- First tankōbon volume cover

このゴミをなんとよぶ (Konogomi o Nantoyobu)
- Genre: Romantic comedy; Comedy-drama;
- Written by: Tetsukazu
- Published by: Enterbrain
- English publisher: NA: Yen Press;
- Imprint: Beam Comix
- Magazine: ComicWalker
- Original run: May 28, 2022 – August 5, 2023
- Volumes: 2

= What Do You Call This Trash? =

Japanese manga series

What Do You Call This Trash? (このゴミをなんとよぶ, Konogomi o Nantoyobu) is a Japanese manga series written and illustrated by Tetsukazu. It was serialized on the author's Twitter account between May 2022 and August 2023, with its chapters collected by Enterbrain in two volumes.

==Synopsis==
Yuuto has romantic feelings for his brother's ex-girlfriend, Akira. However, Akira still clings onto her feelings for Kai, and uses Yuuto's feeling for her in order to talk to Kai, to which Yuuto is willing to oblige. Kai, on the other hand, wants nothing to do with Akira due to her obsessive personality during their previous relationship.

==Publication==
Written and illustrated by Tetsukazu, What Do You Call This Trash? was serialized on the author's Twitter account from May 28, 2022, to August 5, 2023. It was also serialized on Kadokawa's ComicWalker website under the Comic Beam label.
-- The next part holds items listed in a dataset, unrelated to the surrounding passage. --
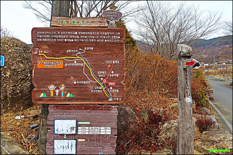 ▲ 코스 : 하동호관리사무소-평촌마을-관점마을-명사마을(상존티)-존티재-삼화실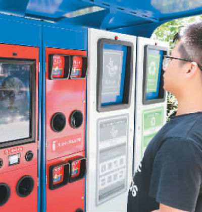 江苏省苏州工业园区某居民在体验通过人脸识别投放垃圾。朱桂根摄(人民图片)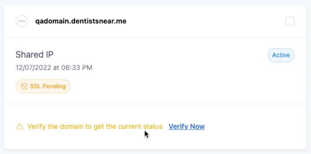 SSL ausstehend: Überprüfen Sie die Domäne erneut, indem Sie die oben genannten Schritte ausführen. Dadurch wird sichergestellt, dass das SSL-Zertifikat erfolgreich generiert wird.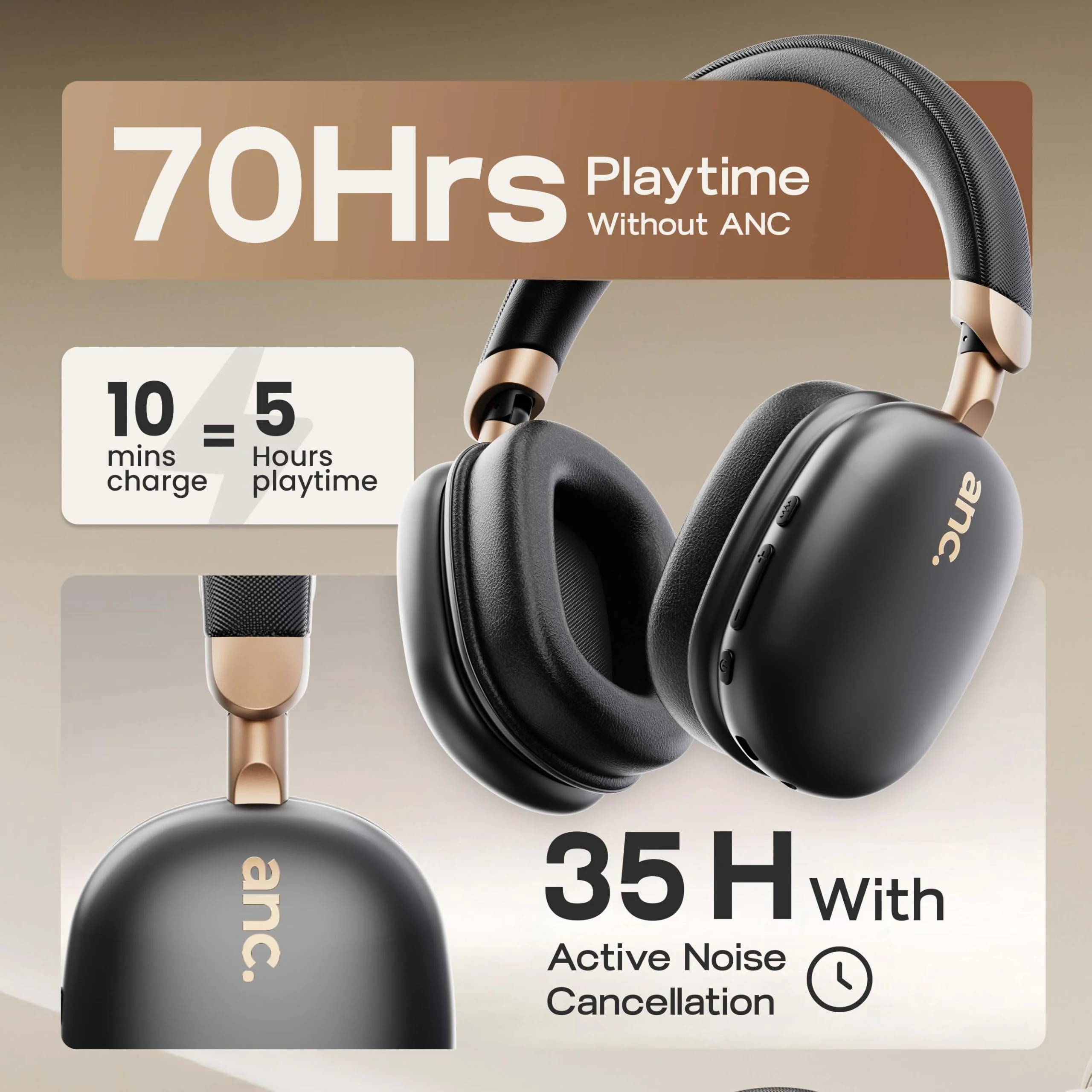 GOBOULT-Fluid X Pro Ear Bluetooth Headphones with 70H Playtime, 40mm Bass Drivers, Zen ENC Mic, Type-C Fast Charging, 4 EQ Modes, AUX, IPX5 Wireless Headphones (Black) – Black / Normal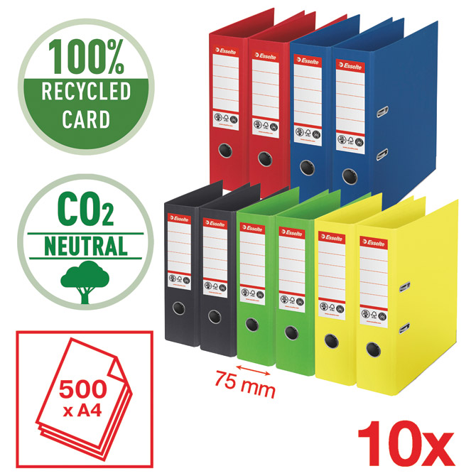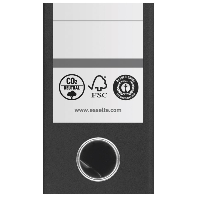 format: A4; kapacitet: 500 listova 80 gramskog papira; hrbat sa samoljepljivom etiketom; izrađen od 100 % recikliranog kartona te je 100 % reciklirajući (CO2 neutral – bez emisije CO2 – nema utjecaja na klimu); metalna šina na donjim rubovima, bočno zatvaranje i rupa za prst na hrptu za jednostavno rukovanje i sigurno skladištenje dokumenata; patentirani mehanizam s izvanrednom silom za dosljedno precizno zatvaranje; zajamčeno pouzdano zatvaranje čak i nakon 10 000 korištenja (3 godine garanicije na mehanizam s GS i LGA certifikatom); ekološki certifikati: Climate Neutral, FSC i Blue Angel; proizveden u Europi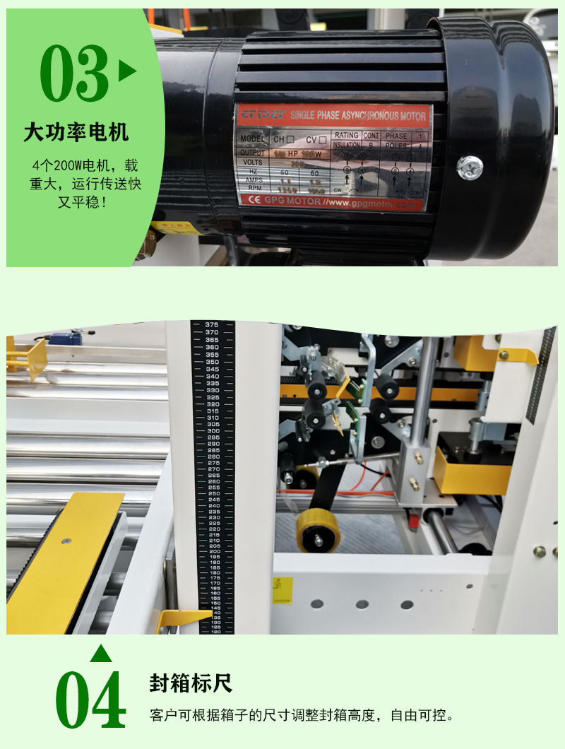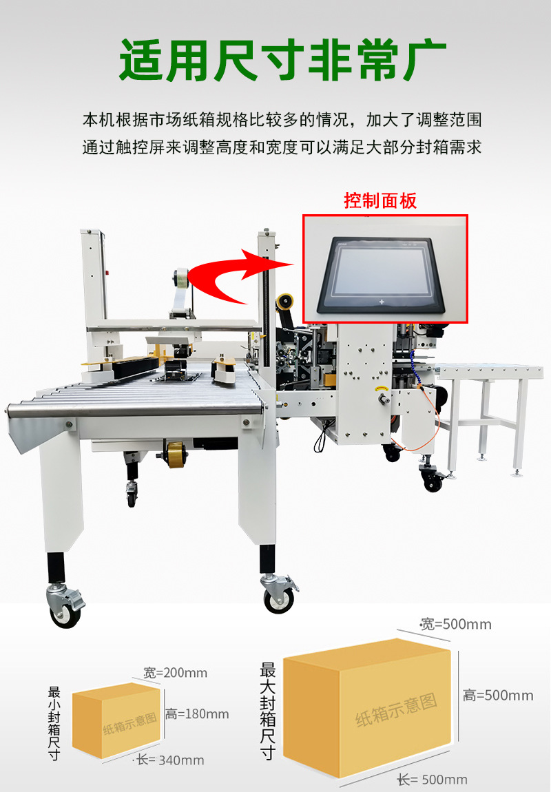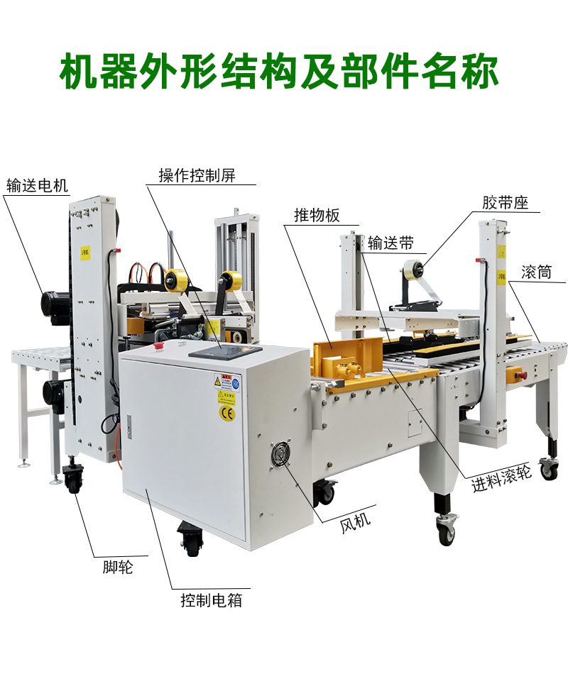 封箱機,也稱為Case sealer machine,主要用于紙箱的封箱包裝。它們不僅適用于單機作業(yè),也可以與流水線配套使用,是包裝流水線作業(yè)中不可或缺的設(shè)備。封箱機的功能包括自動折疊、粘合和封口紙箱,通過先進的感應(yīng)和控制技術(shù),能夠自動檢測和調(diào)整紙箱尺寸,按照設(shè)計要求進行折疊和封口操作,大大提高了包裝的效率和一致性,減少了人工操作的錯誤和勞動強度。

Its chapters were collected in two tankōbon volumes that were released on November 10, 2023. The series is licensed in English by Yen Press, who released it in a 2-in-1 paperback omnibus on September 23, 2025.

| No. | Original release date | Original ISBN | North American release date | North American ISBN |
| 1 | November 10, 2023 | 978-4-04-737682-3 | September 23, 2025 | 979-8-8554-1621-3 |
| Chapters 1–15; | Bonus; |
| 2 | November 10, 2023 | 978-4-04-737683-0 | September 23, 2025 | 979-8-8554-1621-3 |
| Chapters 16–30; | Bonus; |

==Reception==
The series was nominated for the ninth Next Manga Awards in the web category in 2023, and was ranked 15th.